IEEE Trans Pattern Anal Mach Intell. 2014 Apr;36(4):797-809. doi: 10.1109/TPAMI.2013.163.
Pedestrian detection is of paramount interest for many applications. Most promising detectors rely on discriminatively learnt classifiers, i.e., trained with annotated samples. However, the annotation step is a human intensive and subjective task worth to be minimized. By using virtual worlds we can automatically obtain precise and rich annotations. Thus, we face the question: can a pedestrian appearance model learnt in realistic virtual worlds work successfully for pedestrian detection in real-world images?

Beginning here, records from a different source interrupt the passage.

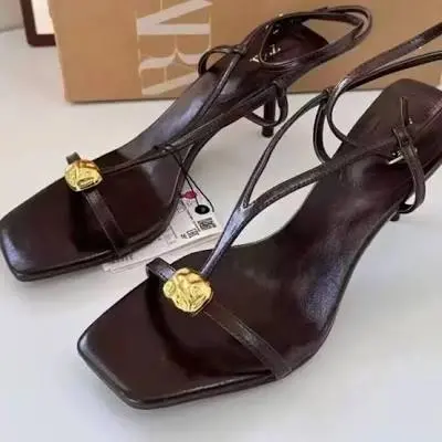 A distinctive gold textured metal buckle embellishment on the T-strap . They are often identified as a Zara style, characterized by a square toe and a thin stiletto heel
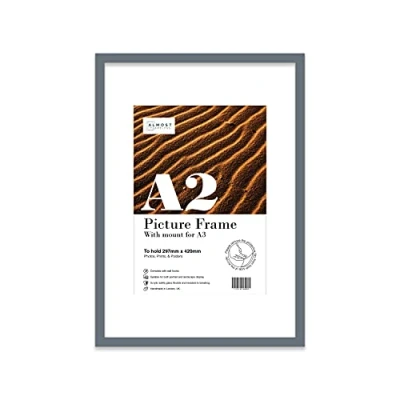 A2 Grey Picture Frame With White Mount for A3 (29.7 x 42cm 11.7 16.5in) Print, Photo, or Poster. Portrait and Horizontal Wall Hooks
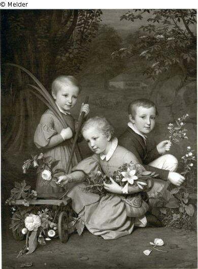 Found-Object Report | Object report Three princes of Hanau in a garden with flowers Lost Art-ID565753 Previous Next Artist / Creator Embde, August von der Birth 1780.12.02 / 1780.12.04, Kassel Death 1862.08.10, Kassel Place of activityKassel TitleThree princes of Hanau in a garden with flowers Dating1839Object typePaintingGroup of reported objectsPaintingMaterial / TechniqueOil ; Canvas / painted Height 134.00 cm Width 101.00 cm Inventory numbermü10655Description Signatur: August von der Embde 1839Links kleiner Handwagen, dahinter ein Knabe; rechts davon hockendes Mädchen und hockender Knabe. Im Hintergrund ein Haus. Read more Read less Holding Kulturgüter aus dem ehemaligen ReichsvermögenPublished since13.12.2016 Contact Kunstverwaltung des Bundes Herbert-Bayer-Straße 5 13086 Berlin Germany E-Mailprovenienzforschung@kvdb.bund.deHomepagehttp://www.kunstverwaltung.bund.de
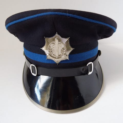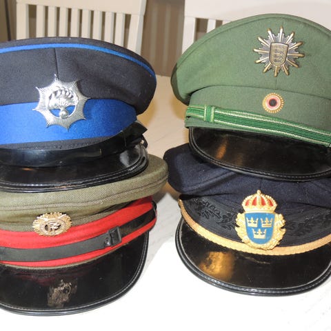 Uniform, Politi kasketter, Samling af 7 politi kasketter fra forskellige lande.

Conducted experiments show that virtual-world based training can provide excellent testing accuracy in real world, but it can also suffer the data set shift problem as real-world based training does. Accordingly, we have designed a domain adaptation framework, V-AYLA, in which we have tested different techniques to collect a few pedestrian samples from the target domain (real world) and combine them with the many examples of the source domain (virtual world) in order to train a domain adapted pedestrian classifier that will operate in the target domain. V-AYLA reports the same detection accuracy than when training with many human-provided pedestrian annotations and testing with real-world images of the same domain. To the best of our knowledge, this is the first work demonstrating adaptation of virtual and real worlds for developing an object detector.
行人检测在许多应用中至关重要。最有前途的探测器依赖于区分学习的分类器,即使用带注释的样本进行训练。然而,注释步骤是一项需要大量人力和主观性的任务,值得最小化。通过使用虚拟世界,我们可以自动获得精确和丰富的注释。因此,我们面临一个问题:在现实的虚拟世界中学习的行人外观模型是否可以成功地用于真实世界图像中的行人检测?进行的实验表明,基于虚拟世界的训练可以在真实世界中提供出色的测试精度,但它也可能像基于真实世界的训练一样受到数据集中转移问题的影响。因此,我们设计了一个域自适应框架 V-AYLA,其中我们测试了不同的技术,从目标域(真实世界)中收集一些行人样本,并将它们与源域(虚拟世界)的许多示例结合起来,以训练在目标域中运行的域自适应行人分类器。V-AYLA 报告的检测准确率与使用许多人工提供的行人注释进行训练和在同一领域的真实世界图像进行测试时相同。据我们所知,这是第一个演示虚拟和真实世界适应以开发目标检测器的工作。